Values – This is not about ethics or company values. This is about what is most important to people. If you had to choose between someone who had the resources and know-how to do something, but didn’t want to do it, and a person who really wanted to do something but didn’t have the resources or processes to do it, who would you choose? Me too.
Navigating Capability
The Three Cords of Capability
The Resources, Processes, Values (RPV) Model
An organization’s ability to execute is a combination of the resources it has, the processes it uses, and the values that guide its decisions. Here is a “New Year’s Resolution” example:
I want to get in shape, but ...
- there’s no gym I can go to (resources)
- nothing I try works (processes)
- I have to finish this Netflix series first (values)
Why the RPV Capability Model is Essential in ERP Implementations
ERP implementations impose a unique and new set of demands on an organization. The RPV model provides a framework for tackling these demands in a mindful way.
Holistic
In the “New Year’s” example above, which element is both critical and elusive? That’s also true of ERP implementations.
Predictive and Diagnostic
ERP implementations make ‘out of the ordinary’ demands on organizations. Using the RPV model is a framework to know if you are set up for success before you begin. Whether it’s an activity within the project or the project itself.
Common Language
Things will go wrong. When they do, the RPV model provides a common language to understand the problem.
Actionable
The RPV model does not provide solutions to problems, but it will put you in the right ballpark to pursue solutions.

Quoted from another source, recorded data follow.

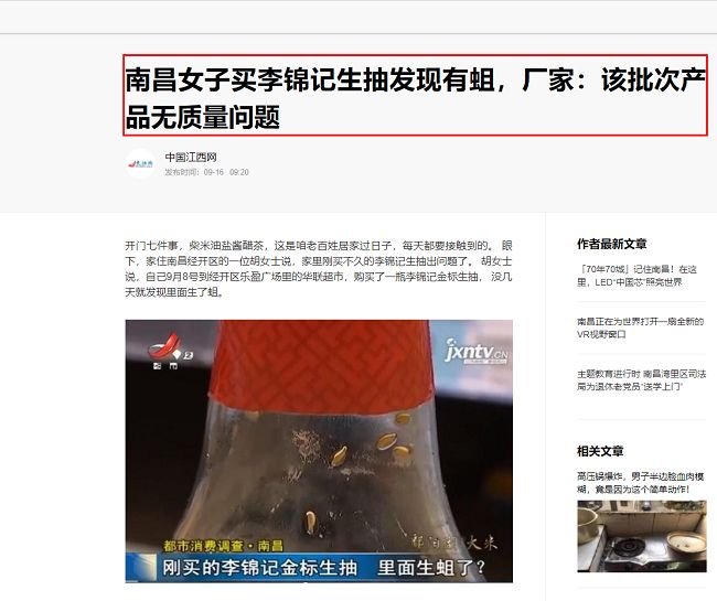 频频出现活蛆,李锦记生抽的“零缺陷严苛自律”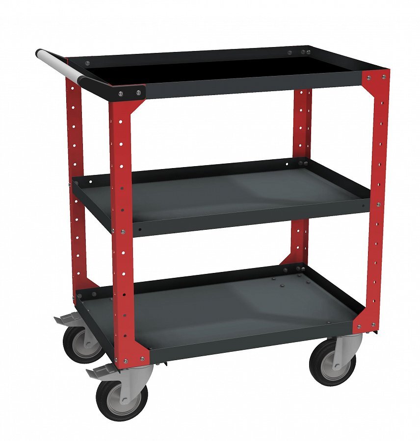 Инструментальные тележки для автосервисов, автомастерских, гаражей. Максимальная нагрузка на ящик — 50 кг, на тележку — 300 кг. Все колеса поворотные, два из них с тормозом. Диаметр колеса — 125 мм. Три цветовые комбинации: антрацитово-серый RAL 7016 + агатовый серый RAL 7038, + голубой RAL 5012, + транспортный красный RAL 3020. Гарантия — 3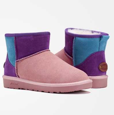 大胆的撞色,色彩鲜艳让人体现出色彩缤纷的视觉感受,粉嫩粉嫩的雪地靴,穿出很可爱甜美格调,随意搭配打底裤,连衣裙,大衣都很百搭呢。
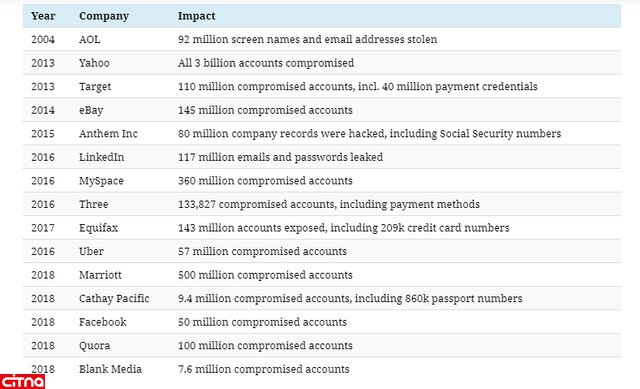 بر اساس جدول زیر، بالغ بر ۹۳ میلیون حساب کاربری پست الکترونیکی و نام کاربری در شرکت AOL در سال ۲۰۰۴ میلادی توسط هکرها و مجرمان سایبری به سرقت رفت.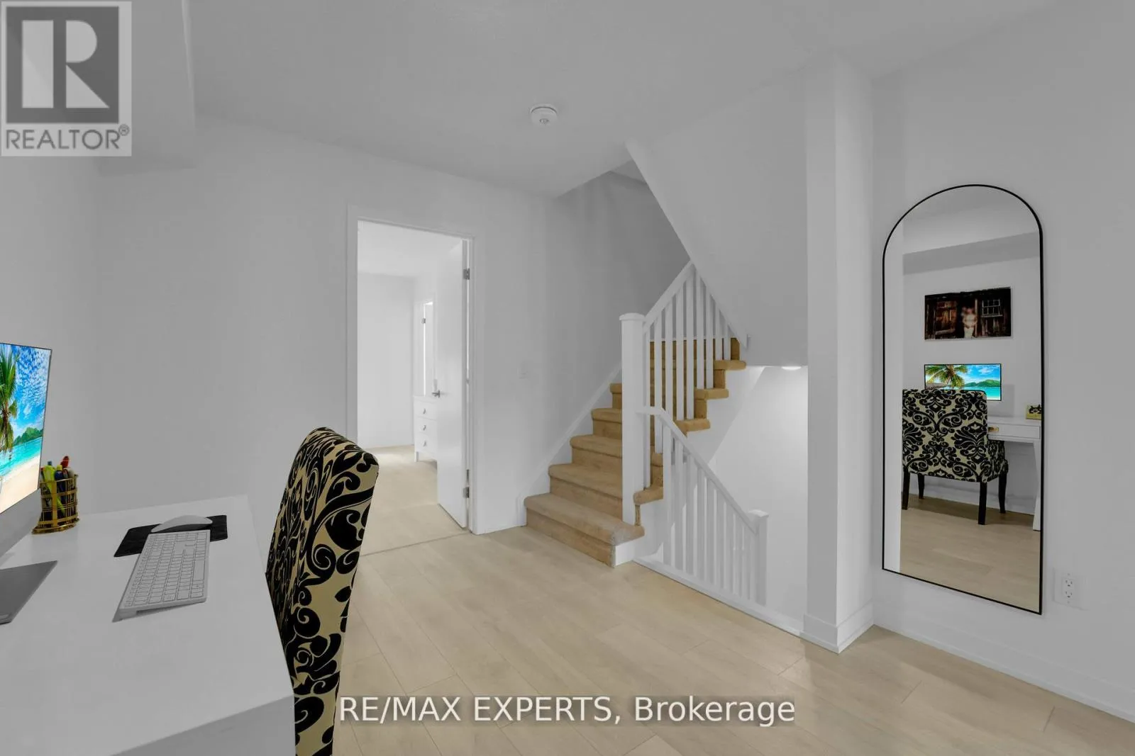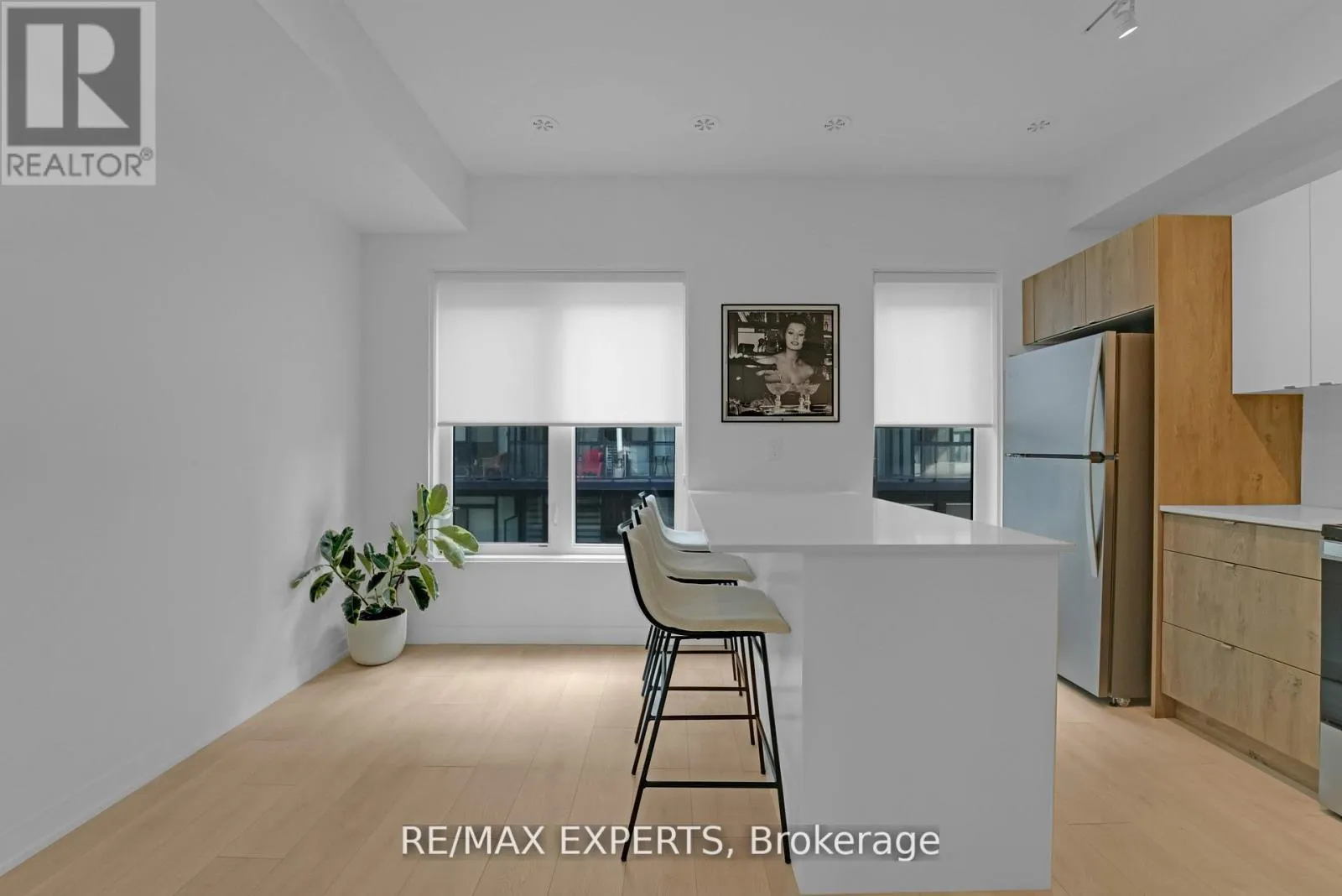 +"PublicRemarks": "Welcome to this beautifully upgraded end-unit townhome located in the sought-after community of Aldershot. Offering over 1500 square feet of meticulously designed living space, this three-bedroom, two-and-a-half-bathroom residence boasts two parking spots and is fully equipped as a connected smart home with digital keyless entry, an ecobee thermostat, camera, and security system. Inside, the home is bathed in natural light and features elegant, high-end finishes throughout. The heart of the home is the inviting kitchen, which is a chef's dream, featuring sleek new Caesarstone countertops with a striking custom waterfall island, new cabinet doors and hardware, and a brand-new sink and tap. High-end appliances, including an induction range and a stainless hood vent, complete the space. The main living area exudes warmth and modern style, anchored by beautiful engineered hardwood floors and a chic Chicago brick feature wall, creating an ideal setting for entertaining. A convenient two-piece powder room completes this level. The upper floor holds the sleeping quarters, including a spacious primary bedroom featuring a walk-in closet and a lovely three-piece ensuite with glass shower doors and all-new hardware. A charming third bedroom offers sliding glass doors leading to a juliette balcony. This level also includes a four-piece main bathroom with a high-end vanity and practical bedroom-level laundry. The property is crowned by an amazing rooftop terrace, providing the perfect space for outdoor entertaining or simply enjoying the views. The location is unbeatable for commuters, offering easy access to major highways and the GO Station. Enjoy a balanced lifestyle with nearby amenities, including the RBG, shopping, and scenic trails. (id:62650)"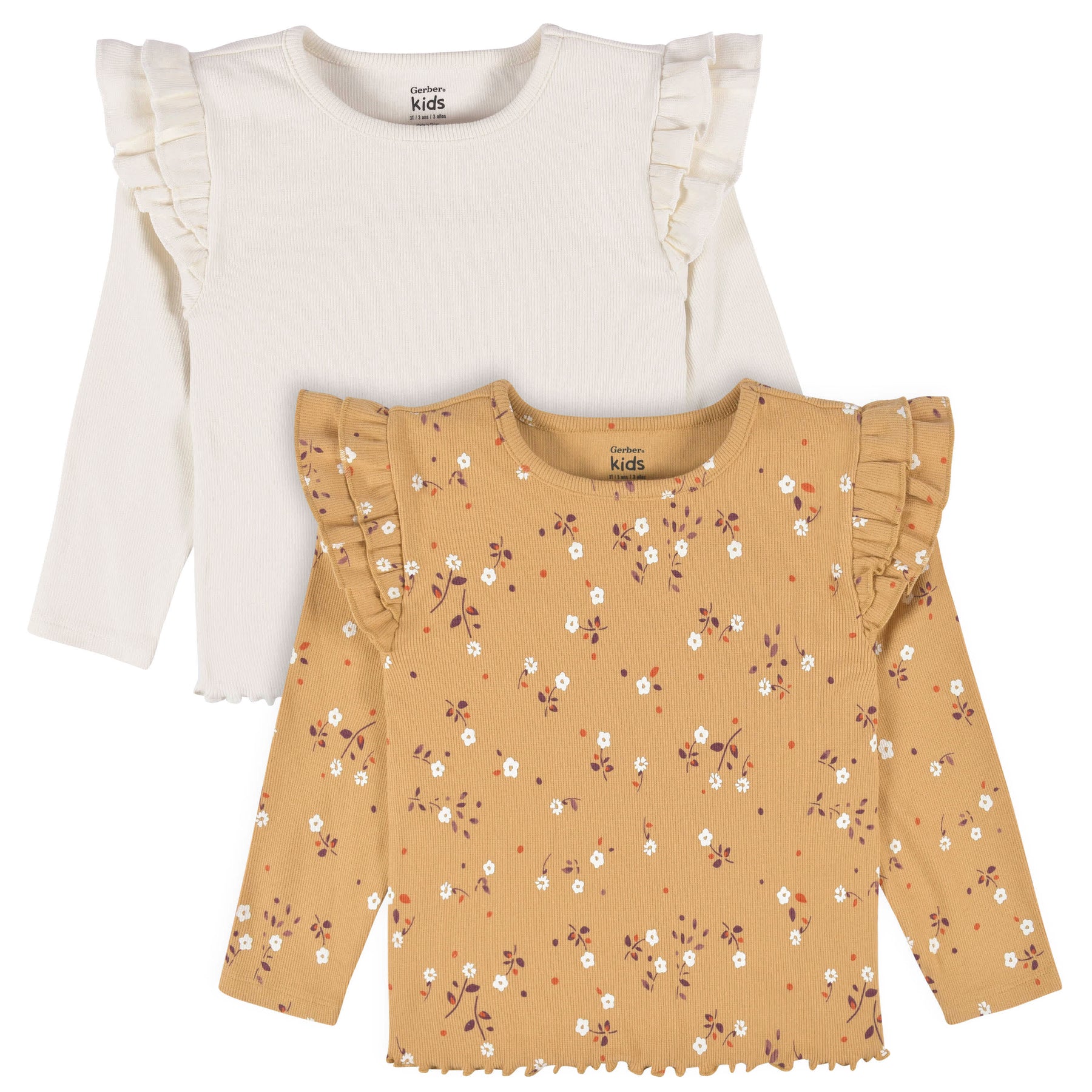 2-Pack Toddler Girls Mustard Floral Double Ruffle Tops, 5T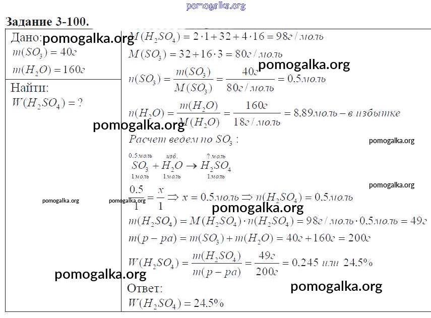 Готовые ответы - Химия 9 класс задачник Кузнецова Н.Е. - глава №3. сера. соединения серы 3-100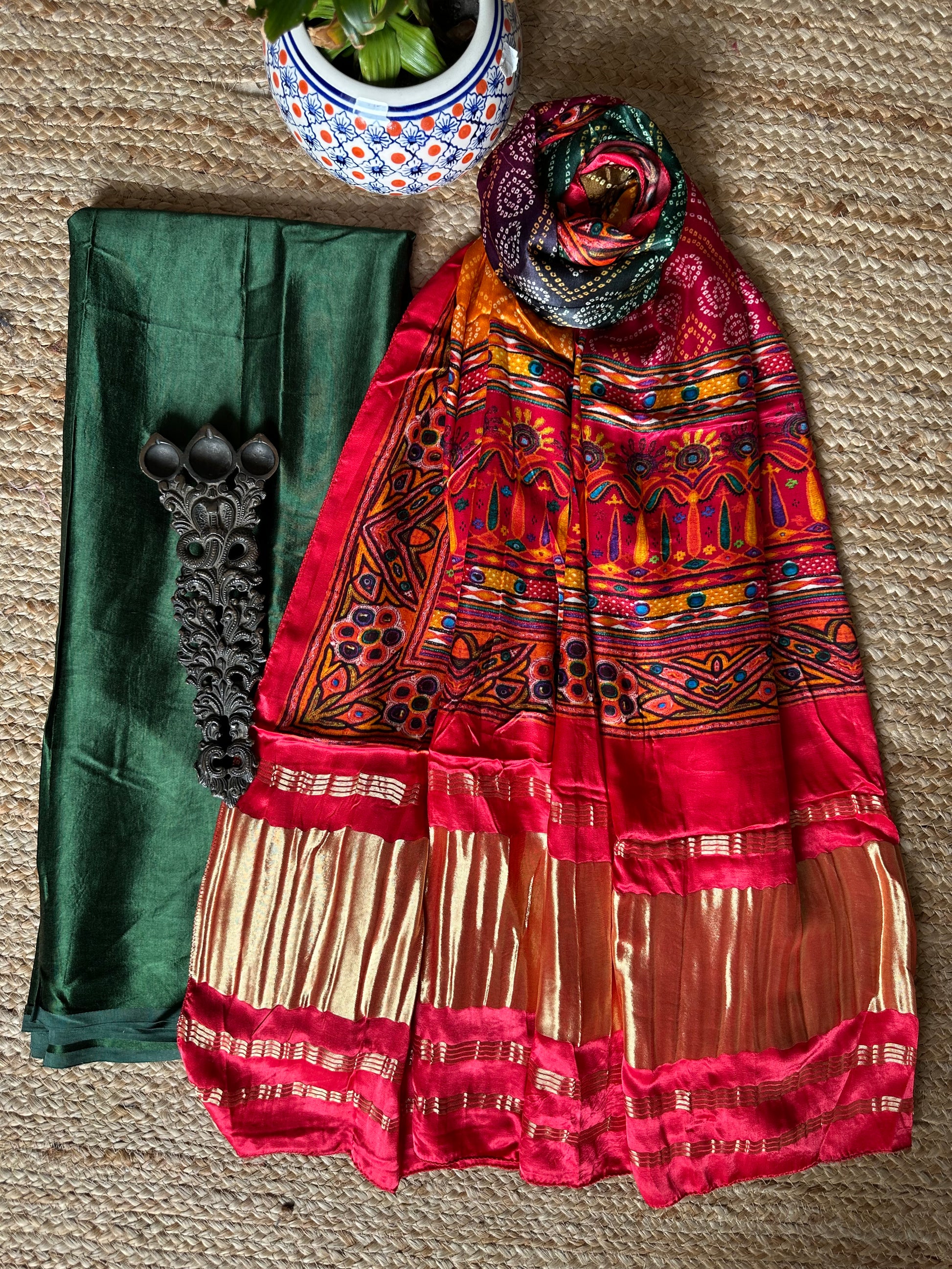 GREEN MASHRU SILK KURTA WITH PATOLAPRINT MODAL SILK DUPATTA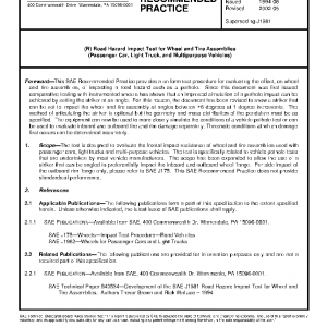 The test is designed to evaluate the frontal impact resistance of wheel and tire assemblies used with passenger cars, light trucks and multi-purpose vehicles. The test is specifically related to vehicle pothole tests that are undertaken by most vehicle manufacturers. The scope has been expanded to allow the use of a striker that can be angled to preferentially impact the inboard and outboard wheel flange. For side impact of the outboard rim flange only, please refer to SAE J175. This SAE Recommended Practice does not provide standards of performance.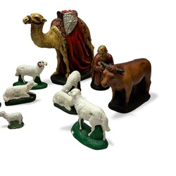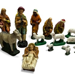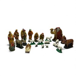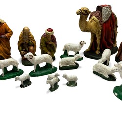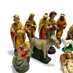 | Omschrijving | Lot met antieke gipsen polychroom beschilderde Kerststalbeelden. Ca 1920. |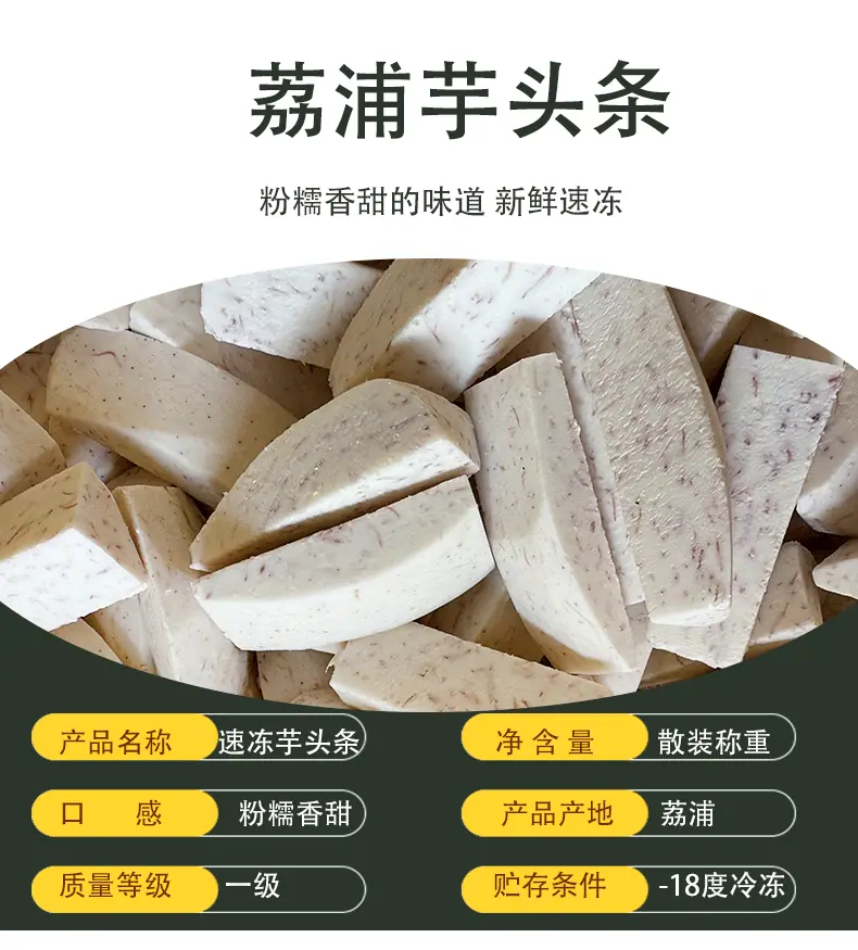 Tiras de Taro de Lipu de Guangxi Recién Cortadas Congeladas Rápidamente Tiras de Taro Tienda de Té con Leche Catering Ingredientes para Hornear Venta al por Mayor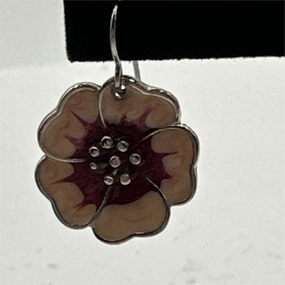 Pair of floral drop earrings featuring cloisonné-style enamel work in pink and burgundy tones set in silver-tone metal with French hook closures. The enamel technique and construction suggest contemporary artisan or costume jewelry production.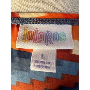 Lula Roe Large open front sleeveless cardigan in women's large size. Lightweight material with long side slits and Aztec design in shades of orange, blue, and red. Made of 100% polyester, machine washable. Made in Vietnam. Chest 24, length 44, slits 21.

Cord 1 – Resources: Your People, Tech,, Budget, and Schedule
The most visible cord of capability is your Resources, the tangible building blocks of any project: the people on your team, the partners you hire, the technology and tools you deploy.
People
The “A-Team” must be assigned to the project, and the “A-Team” is not just a list of names. It is a complete human capital ecosystem, carefully designed and funded. This system has three distinct, interdependent parts:
- The Dedicated Internal Team: Full-time project managers, solution architects, and business process owners who provide continuity and connect technology to business value.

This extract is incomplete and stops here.